Two months into my sobriety, I still wasn’t feeling the meetings but I had no other options. I resolved to stick with the meetings until I found another program or process; I had tried to quit too many times with my own ideas to know they wouldn’t work.

I had what I now call “Goldilocks Problems.” I had a “problem” with every meeting I attended. This meeting’s too hot, this meeting’s too cold—this meeting is full of yuppies, everyone at this meeting talks about God all the time, this meeting is full of recovering heroin addicts and I was mostly a drunk.

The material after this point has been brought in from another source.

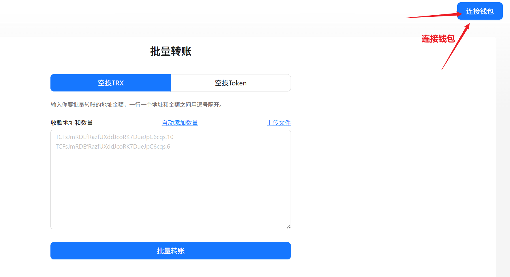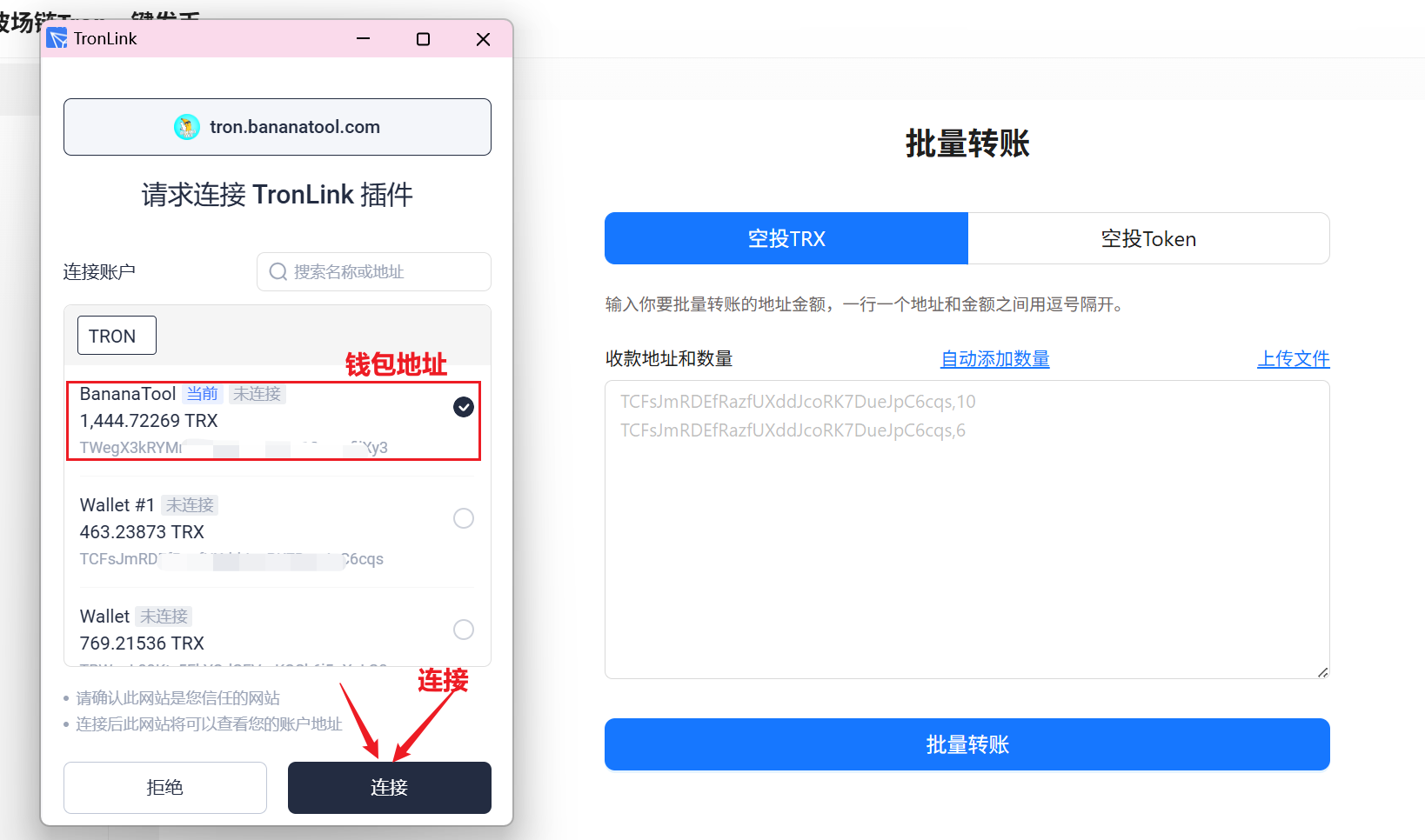 我们打开波场批量转账工具的链接:https://tron.bananatool.org/airdrop ,点击右上角连接钱包。(请先确保自己的浏览器已经安装了波宝钱包,如果没有,请查阅 → TronLink波宝钱包安装教程)

There was always some aspect of a meeting for which I decided I didn’t belong with those people.
I ran into F—, a former doorman from Haight Street at a meeting. We’d known each other socially since ‘96, not really close but always glad to see each other. He told me he had four months, which seemed insane to me at two.
“I don’t know if I can do this,” I told him. “There’s a lot of talk about prayer and meditation and whatever. I had a whole life of that. It’s not for me.”
“I got a meeting for you,” he said.
He told me about a men’s meeting on Valencia Street.
The Stag Meeting
“Stag”1 meetings are a tradition in my 12-step group. Aside from everything else, a lot of men will not talk about their feelings in front of women, and we need to do that. I’ve been to all kinds of these: stoic conservatives who complain about their families and jobs then praise God at the end of the share, emotionally mushy crews who reveal innermost doubts and regrets, and predominately gay men’s meetings that swing from hilarious to dark at each share. It can look like any facet of the damaged male psyche. In Goldilocks terms, they either never talk about their feelings or it’s all they talk about.
And then, sometimes, there is a crew of idiots like the one I found that Tuesday. They were loud, all the time. They had face, hand, and neck tattoos (back when that was unusual and usually a sign of gang life or doing hard time). Most jarring was that they heckled each other’s shares—this is extremely taboo at 99% of meetings.
There were a number of guys I recognized from the punk scene and working nightclubs for years. These were the problem guys you always had to kick out at some point. One guy I had 86’d from the Chameleon for stealing tips off the bar. One guy I was pretty sure was in one of the punk bands that broke big on MTV in the ‘90s—he said he had 7 years sober—my first thought was fuck you, you’re cured, you don’t need to be here, you’re just showing off.
These guys were fucking around. I had no idea how this meeting was making any of them better.
The Dayglo Abortions
The Dayglo Abortions are a Canadian hardcore band I was really into in the ‘80s, when I was new to the scene. A lot of punks back then didn’t like them for their sometimes metal-riffing guitar licks. And the metalheads didn’t like them, for reasons unknown to me, but maybe they were just too silly? But they had an album cover of Nancy and Ronnie eating a fetus on a plate. I bought it and was in right away.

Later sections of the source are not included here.